An embedded and charset-unspecified text was scrubbed... Name: not available Url: https://stat.ethz.ch/pipermail/r-help/attachments/20031224/b2bb2e2b/attachment.pl
coding logic and syntax in R
4 messages · Pravin, Brian Ripley, Eric Lecoutre +1 more
On Wed, 24 Dec 2003, Pravin wrote:
I am a beginner in R programming and recently heard about this mailing list. Currently, I am trapped into a simple problem for which I just can't find a solution. I have a huge dataset (~81,000 observations) that has been
BTW, that is quite a small dataset these days: not even 10 million is `huge'.
analyzed and the final result is in the form of 0 and 1(one column). I need to write a code to process this column in a little complicated way. These 81,000 observations are actually 9,000 sets (81,000/9). So, in each set whenever zero appears, rest all observations become zero. For example; If the column has: 111110111111011111111111111111111.... The output should look like: 111110000111000000111111111111111...
Let me see if I understand you. This was really
111110111
111011111
111111111
111111...
and you want
111110000
111000000
111111111
111111...
So let's treat it as a matrix (extending to 4 complete sets):
x <- as.numeric(strsplit("111110111111011111111111111111111011", NULL)[[1]])
xx <- matrix(x, ncol=9, byrow=TRUE)
Then a simple loop
for(i in 2:9) xx[,i] <- xx[,i] & xx[,i-1]
give me the second matrix, which I can read out as a vector as
as.vector(t(xx))
[1] 1 1 1 1 1 0 0 0 0 1 1 1 0 0 0 0 0 0 1 1 1 1 1 1 1 1 1 1 1 1 1 1 1 0 0 0
or in what I understand as your format
paste(t(xx), collapse="")
[1] "111110000111000000111111111111111000"
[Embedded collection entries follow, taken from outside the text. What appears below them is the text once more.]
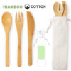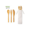 Set de 3 cubiertos de línea nature. Fabricados en bambú, incluye tenedor, cuchara y cuchillo. Presentados en funda de algodón con cordón auto cierre. 3 Piezas. Funda Algodón
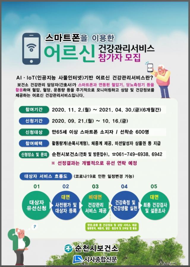 ÇÑÆí, ¼øÃµ½Ã º¸°Ç¼Ò °ü°èÀÚ´Â ¡°¾î¸£½ÅµéÀÌ ºñ´ë¸é ¹æ½ÄÀÇ µð¹ÙÀ̽º Ȱ¿ëÀ» ÅëÇØ Á¤±âÀûÀ¸·Î Ç÷¾Ð¡¤Ç÷´ç µîÀ» ÃøÁ¤ÇÔ°ú µ¿½Ã¿¡ Àü¹®°¡ÀÇ µµ¿òÀ» ¹Þ¾Æ°¡¸ç ¸¸¼ºÁúȯÀ» ºñ·ÔÇØ °Ç°ÇàŸ¦ °³¼±ÇØ ÇູÇϰí ǰÀ§ÀÖ´Â ³ëÈÄ »ýȰÀ» ¿µÀ§ÇØ ³ª°¥ ¼ö ÀÖµµ·Ï »ç¾÷ÃßÁø¿¡ ÃÖ¼±À» ´ÙÇϰڴÙ.¡±°í ¸»Çß´Ù.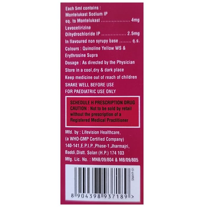 Composition : Levocetirizine (2.5mg/5ml) + Montelukast (4mg/5ml)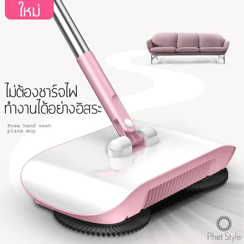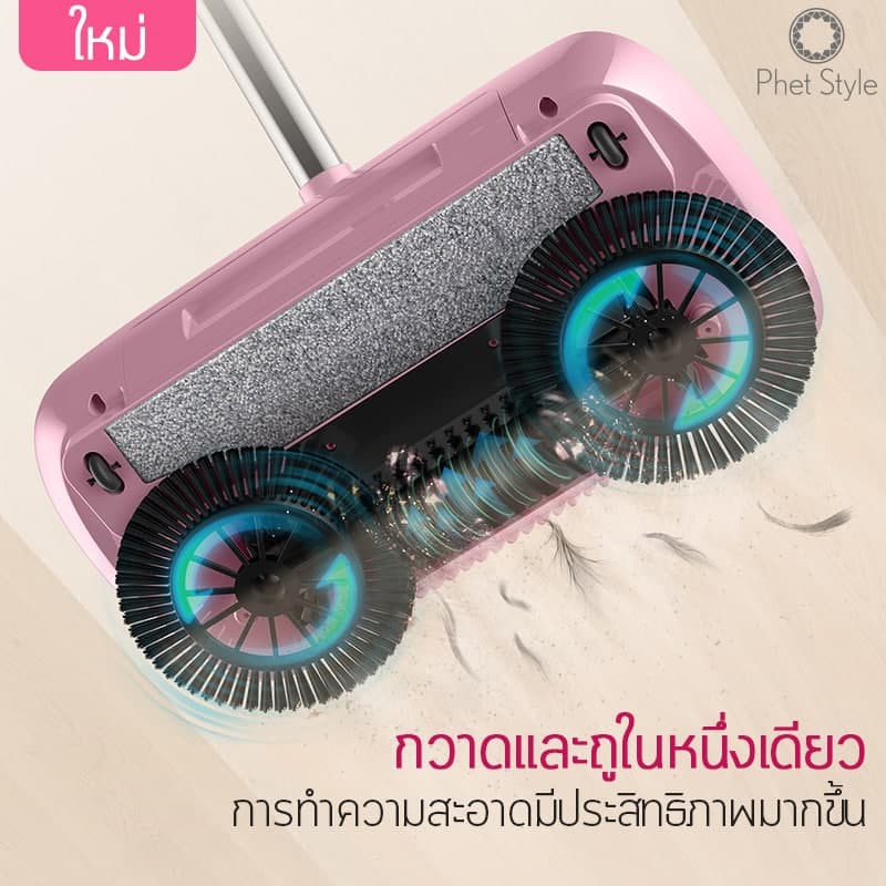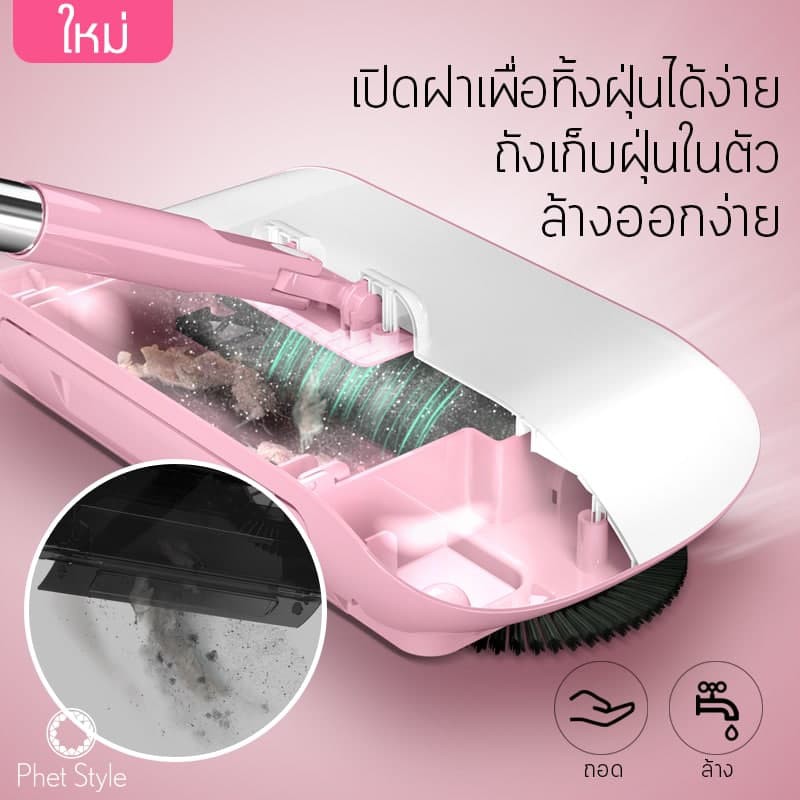 ไม้กวาดดูดฝุ่น ไม้กวาดพื้น กวาดพื้น ถูพื้น ไม้กวาดออโต้ ไม่ใช้ไฟฟ้า ไม้ถูพื้น เครื่องใช้ในบ้าน ไม้กวาด 2in1 4014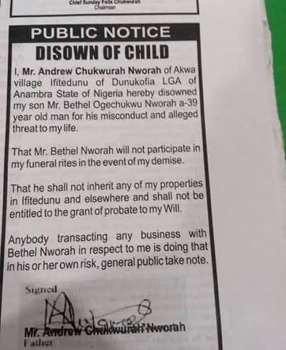 According to a public notice, a man disowned his own son for allegedly threatening to kill him. He further added that, upon death, the said son will not participate in his funeral rites nor inherit any of his properties

Doing this with 81000 random 0/1's took a fraction of a second.
Brian D. Ripley, ripley at stats.ox.ac.uk Professor of Applied Statistics, http://www.stats.ox.ac.uk/~ripley/ University of Oxford, Tel: +44 1865 272861 (self) 1 South Parks Road, +44 1865 272866 (PA) Oxford OX1 3TG, UK Fax: +44 1865 272595
In R, always begin to try to obtain result on a little unit.
Begin to make a function that will make replacements for ONE vector (of size 9)
FillWith=function(vec,SearchForOne=0,ReplaceNextValues=0)
{
pp=which(vec==SearchForOne)
if (length(pp)>0) vec[pp:length(vec)]=ReplaceNextValues
return(vec)
}
Verify it works:
> FillWith(c(1,1,0,1,1))
[1] 1 1 0 0 0
Then try to apply it with your data, using one of the ?apply functions.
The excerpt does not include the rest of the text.